As Gaunt and Blanche were distant cousins, their marriage required a Papal dispensation, as interfamilial marriage was in breach of Canon law. In the New Year of 1359, at the Papal court at Avignon, Pope Innocent VI was duly presented with a request from the King of England: that he ‘enable his son John, the Earl of Richmond and the Lady Blanche, daughter of Henry, Duke of Lancaster, to intermarry, they being related in the third and fourth degrees of kindred’. The Pope sanctioned the marriage and, soon after the dispensation reached England, the date for the wedding was set for May.3 The ceremony would be held at Reading Abbey, one of the largest royal monasteries in Europe.
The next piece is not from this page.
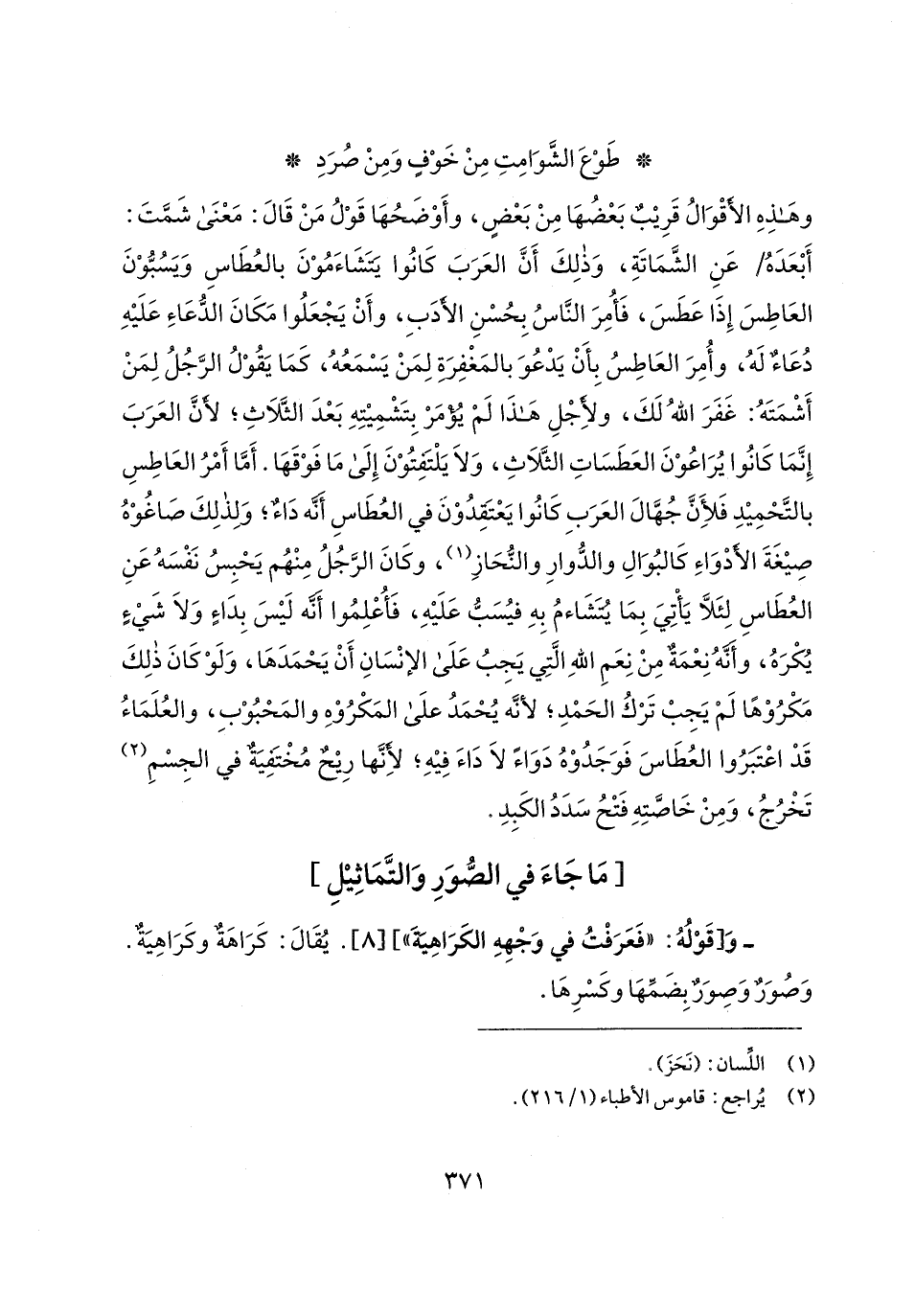 وهَذِه الأقْوَالُ قَرِيبٌ بَعْضُهَا مِنْ بَعْضٍ، وأَوْضَحُهَا قَوْلُ مَنْ قَال: مَعْنَى شَمَّتَ: أَبْعَدَهُ عَنِ الشَّمَاتَةِ، وَذلِكَ أَنَّ العَرَبَ كَانُوا يتشاءَمُوْنَ بالعُطَاسِ وَيَسُبُّوْنَ العَاطِسَ إِذَا عَطَسَ، فَأُمِرَ النَّاسُ بِحُسْنِ الأدَبِ، وأَنْ يَجْعَلُوا مَكَانَ الدُّعَاءِ عَلَيهِ دُعَاءٌ لَهُ، وأُمِرَ العَاطِسُ بِأَنْ يَدْعُوَ بالمَغْفِرَة لِمَن يَسْمَعُهُ، كَمَا يَقُوْلُ الرَّجُلُ لِمَن أَشْمَتَهُ: غَفَوَ اللهُ لَكَ، ولأجْلِ هَذَا لَمْ يؤمَرْ بِتشمِيتِهِ بَعْدَ الثَّلاثِ؛ لأنَّ العَرَبَ إِنَّمَا كَانُوا يُرَاعُوْنَ العَطَسَاتِ الثَّلاثِ، وَلَا يَلْتَفِتُوْنَ إِلَى مَا فَوْقَهَا. أَمَّا أَمْرُ العَاطِسِ بالتَّحْمِيدِ فَلأنَّ جُهَّال العَرَبِ كَانُوا يَعتَقِدُوْن في العطَاسِ أَنّه دَاءٌ؛ وَلِذلِكَ صَاغُوْهُ صيغَةَ الأدْوَاءِ كَالبُوَالِ والدُّوارِ والنُّحَازِ (¬1)، وكَانَ الرَّجُلُ مِنْهُم يَحْبِسُ نَفْسَهُ عَنِ العُطَاسِ لِئَلَّا يَأتِيَ بِمَا يتشاءمُ بِهِ فيُسَبُّ عَلَيهِ، فَأُعْلِمُوا أَنّه لَيسَ بِدَاء وَلَا شَيءٍ يُكْرهُ، وأَنّهُ نِعْمَةٌ مِنْ نعَمِ اللهِ الَّتِي يَجِبُ عَلَى الإنْسَانِ أَن يَحْمَدَهَا، وَلَوْ كَانَ ذلِكَ مَكْرُوْهًا لَم يَجِبْ تَرْكُ الحَمْدِ؛ لأنَّه يُحْمَدُ علَى المَكْرُوْهِ والمَحْبُوبِ، والعُلَمَاءُ قَدْ اعْتبَرُوا العُطَاسَ فَوَجَدُوْهُ دَوَاءً لَا دَاءَ فيهِ؛ لأنَّها رِيحٌ مُخْتَفِيَةٌ في الجِسْمِ (¬2) تَخْرجُ، وَمِنْ خَاصَّتِهِ فتْحُ سَدَد الكَبِد.

The abbey was founded by the youngest son of William the Conqueror, Henry I, who invested heavily in it, supporting learning as well as prayer by funding an extensive library. Support of the abbey remained in royal consciousness following Henry’s death, for Empress Matilda – his daughter – donated a sacred relic: the hand of Saint James of Santiago. Over the next three centuries Reading Abbey grew to become a popular place of worship and burial for the elite, as well as a suitable location for Parliament to convene outside of London.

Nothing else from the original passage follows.